Task item
The full listing, excluding its pictures, should be printed exactly as it stands.

Data section
+++
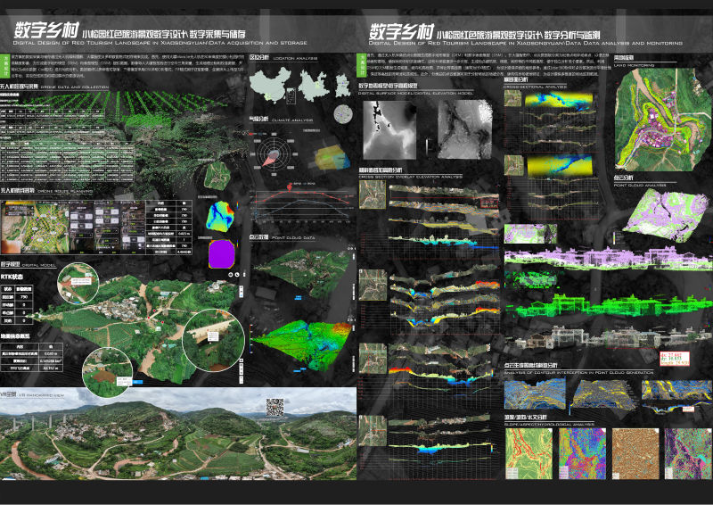 设计思路:通过无人机倾斜摄影和大疆智图生成精确的三维实景模型,再由Lidar360和南方CASS处理点云数据,形成数字地形和表面模型。这些数据为设计提供科学支持,帮助设计团队全面理解场地,为后续规划打下坚实的基础。
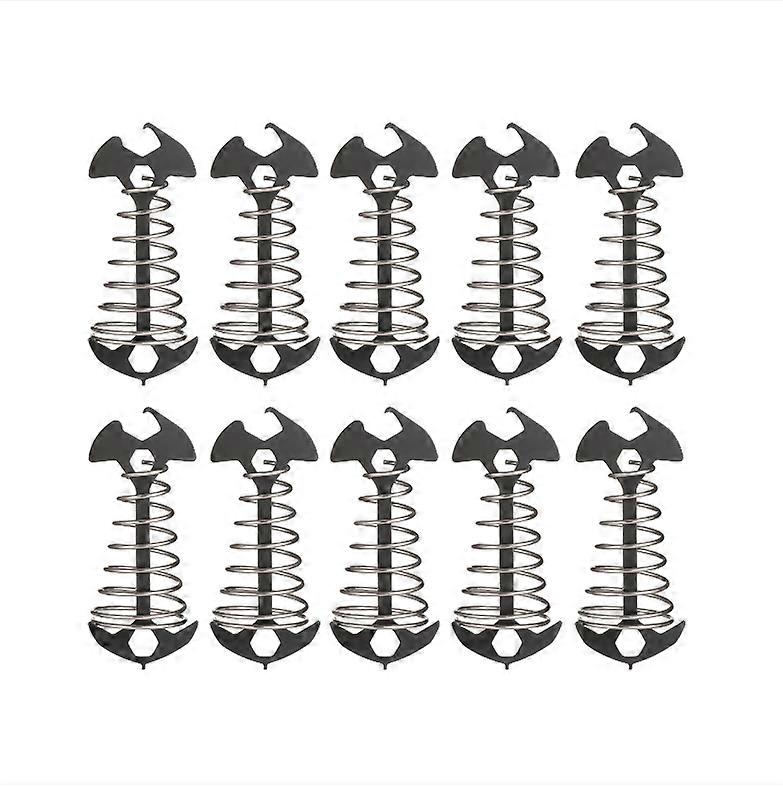10pcs Deck Plank Board Tent Stakes,fishbone Deck Anchor Pegs With Spring Buckle For Outdoor Camping Hiking,black
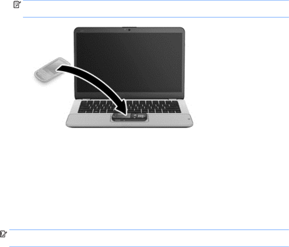 CATATAN: Antena NFC pada komputer Anda terletak di bawah Panel Sentuh. Untuk menemukan
+++
Response to this task
 设计思路:通过无人机倾斜摄影和大疆智图生成精确的三维实景模型,再由Lidar360和南方CASS处理点云数据,形成数字地形和表面模型。这些数据为设计提供科学支持,帮助设计团队全面理解场地,为后续规划打下坚实的基础。
10pcs Deck Plank Board Tent Stakes,fishbone Deck Anchor Pegs With Spring Buckle For Outdoor Camping Hiking,black
 CATATAN: Antena NFC pada komputer Anda terletak di bawah Panel Sentuh. Untuk menemukan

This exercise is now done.